# Maths - Dual Quaternion Example

Amy de Buitléir has kindly sent me this nice step-by-step example.

It illustrates how it is easier to just work with dual quaternions and forget about vectors..

Ex: We have a prop inside a container, which is inside a scene.
The prop is at (0, 0, 100), specified in the container's co-ordinate system.
The container is at (0, 0, 0), specified in the scene's co-ordinate system.
The container is also rotated +30° around the y-axis.

Note: I have shown the coordinates differently from usual (z down, y toward viewer).

Q: What is the location of the prop, specified in the scene's co-ordinate
system?

First, we need to build a dual quaternion to represent the state (location and rotation) of the prop wrt (with respect to) the container. We'll call this dual quaternion Q(prop,container).

The position of the prop with respect to the container can be represented by
the quaternion:

t(prop,container) = (0, 0, 0, 100)

The real part of the dual quaternion Q(prop,container) is 1 because prop isn't rotated. The dual part is:

dual part = (1/2)(real)t = (1/2)(1)(0, 0, 0, 100) = (0, 0, 0, 50)

Q(prop,container) = 1 + ε(0, 0, 0, 50)

Next, we need to build a dual quaternion to represent the state of the container wrt the scene.

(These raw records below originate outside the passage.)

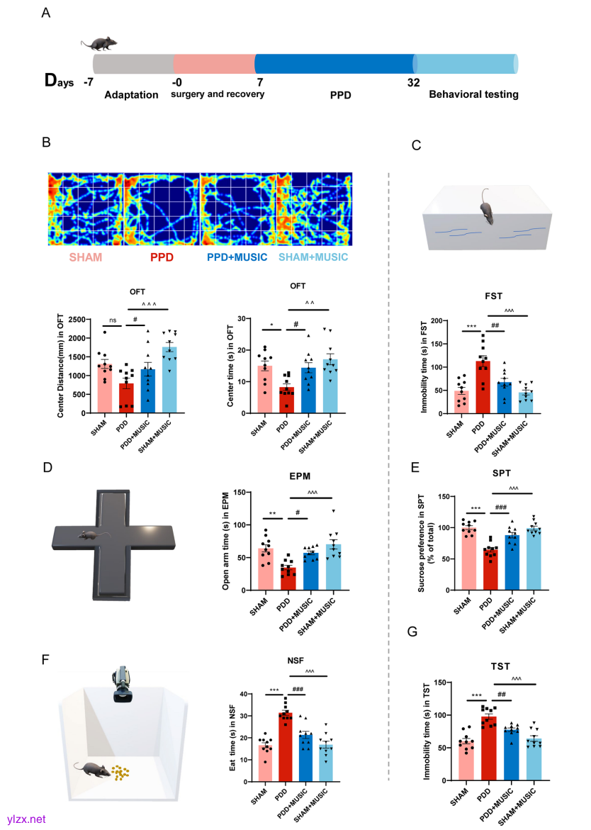 研究采用BALB/c雌性小鼠,通过双侧卵巢切除和激素注射建立PPD模型,并将小鼠分为假手术组(SHAM)、PPD模型组(PPD)、PPD+音乐干预组(PPD+Music)和仅音乐干预组(Music)。音乐干预每天进行2小时,持续23天,音量控制在70分贝左右。行为测试包括旷场实验(OFT)、强迫游泳实验(FST)、高架十字迷宫实验(EPM)、蔗糖偏好实验(SPT)、新奇抑制摄食实验(NSF)和悬尾实验(TST),以评估小鼠的抑郁和焦虑样行为。此外,研究还通过qRT-PCR、Western blot、免疫荧光和转录组测序等技术,分析了小鼠血清、海马和前额叶皮层中的氧化应激标志物、炎症因子、神经元存活及突触可塑性的变化。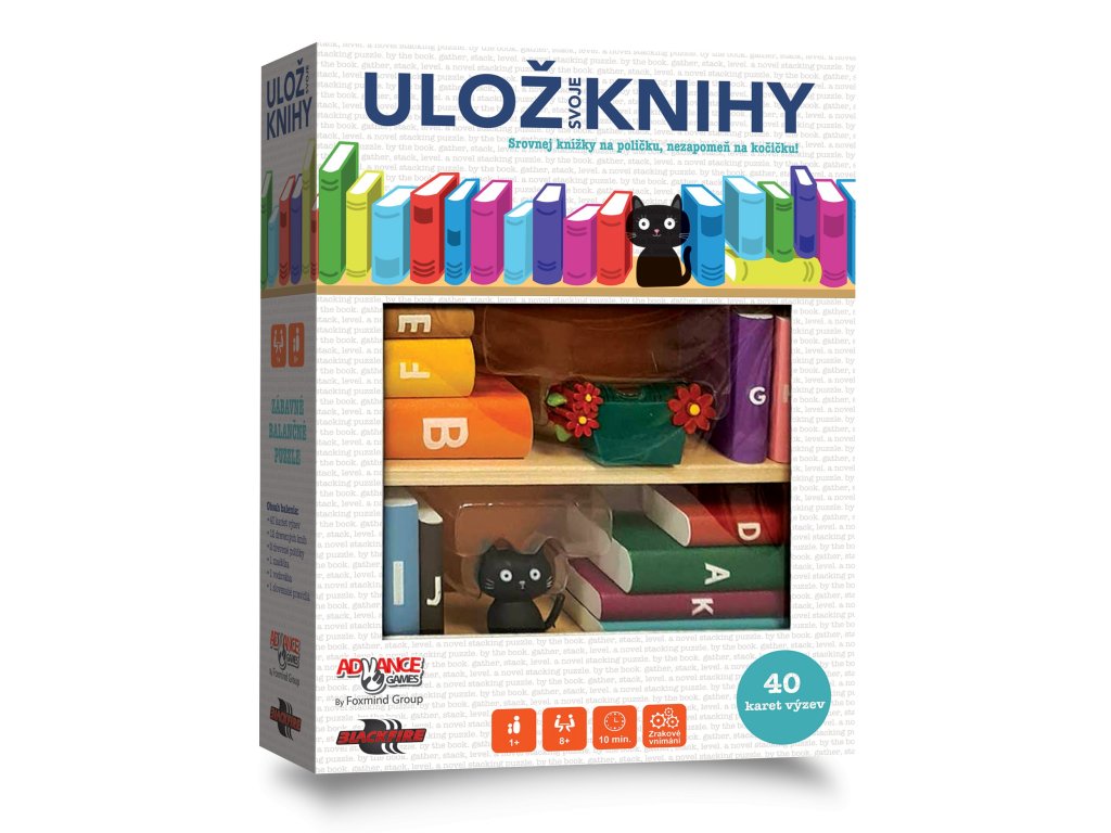 Srovnej knížky na poličku, nezapomeň na kočičku!Hodně knížek, malá polička, k tomu nezbedná kočička. Udrž své knihy v rovnováze, ať polička nespadne! Tato hra je originálním 3D hlavolamem. Úkolem je uložit až 12 různě velkých knih a jednu chytrou kočičku, která se zde zabydlela, tak, aby byla horní polička v ideální rovině. Neboj, bez nářadí nezůstaneš. Pomůže ti vodováha, která je součástí balení hry. Vyřeš všech 40 hlavolamů a ukaž, že jsi nejlepší ze všech.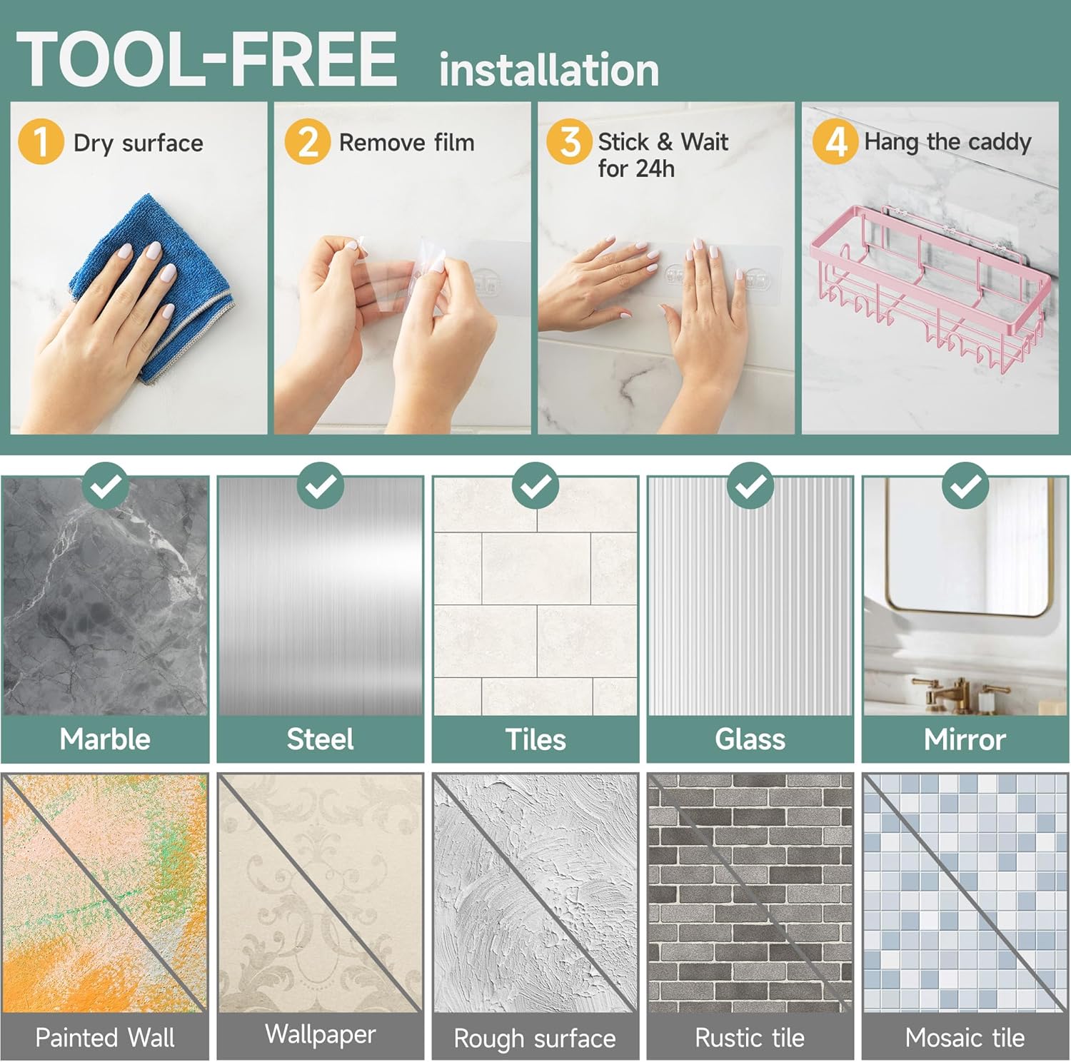 | Included Components | Adhesive Hooks, Shower Caddies, Soap Holder, Toothbrush Holder |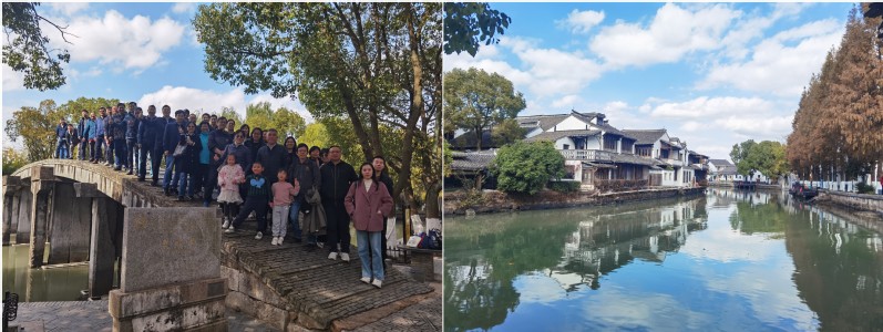 秋景引闲步,山游不知疲。午后,老师们来到素有“江南第一桥乡”美誉的金泽古镇。一路经过普庆桥、普济桥、如意桥、金泽放生桥,一座座古桥分别横架在市河及其支流上,仿佛来到了那个“出门即过桥,人家尽枕河”的人间江南。沿着青石板,最后停步在了迎祥桥。迎祥桥在元、明时代是古镇经济繁荣的中心,各路农产品和经济作物均在迎祥桥两岸集散,人来人往,川流不息。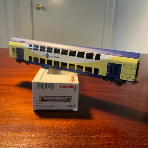 2 stk Märklin 43585 dobbeltdækker vogne DB 2. klasse med indvendig belysning og strømførende koblinger.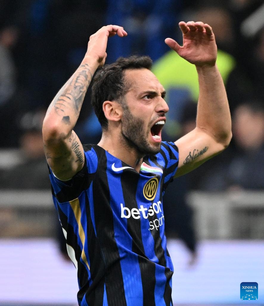 MILAN, 11 noviembre, 2024 (Xinhua) -- Imagen del 10 de noviembre de 2024 de Hakan Calhanoglu, de Inter de Milán, festejando su anotación durante el partido de fútbol de la Serie A entre Inter de Milán y Napoli, en Milán, Italia. (Xinhua/Alberto Lingria)

t(container,home) = 0 because the container is not translated.

The container is rotated 30 around the y-axis, so
sx2 = sz2 = 0    sy2 = sin(30/2) = 0.2588
cx2 = cz2 = 1    cy2 = cos(30/2) = 0.9659
real part = (0.9659, 0, 0.2588, 0)

dual part = (1/2)(real)t = 0

Q(container,home) = (0.9659, 0, 0.2588, 0) + ε0 = (0.9659, 0, 0.2588, 0)

Now we're ready to calculate the state of the prop wrt the scene:

Q(prop,home) = Q(prop,container) * Q(container,home)
= [1 + ε(0, 0, 0, 50)] (0.9659, 0, 0.2588, 0)
= (0.9659, 0, 0.2588, 0) + ε(0, 0, 0, 50)(0.9659, 0, 0.2588, 0)
= (0.9659, 0, 0.2588, 0) + ε(0, -12.94, 0, 48.295)

We can easily extract the translation from this dual quaternion.

t(prop,home) = 2*real†*dual
= 2(0.9659, 0, 0.2588, 0)†(0, -12.94, 0, 48.295)
= 2(0.9659, 0, -0.2588, 0)(0, -12.94, 0, 48.295)
= 2(0, -25.0, 0, 43.3)
= (0, -50, 0, 86.6)

We can double-check this using an inverse transformation. We'll use the last
quaternion to calculate the state of the prop wrt the container, and verify
that it agrees with the original quaternion.

Q(prop,container) = Q(prop,home) * Q(home,container)
= Q(prop,home) * Q(container,home)†
= [(0.9659, 0, 0.2588, 0) + ε(0, -12.94, 0, 48.295)] (0.9659, 0, 0.2588, 0)†
= [(0.9659, 0, 0.2588, 0) + ε(0, -12.94, 0, 48.295)] (0.9659, 0, -0.2588, 0)
= 1 + ε(0, -12.94, 0, 48.295)(0.9659, 0, -0.2588, 0)
= 1 + ε(0, 0, 0, 50)

Which agrees with the original calculation.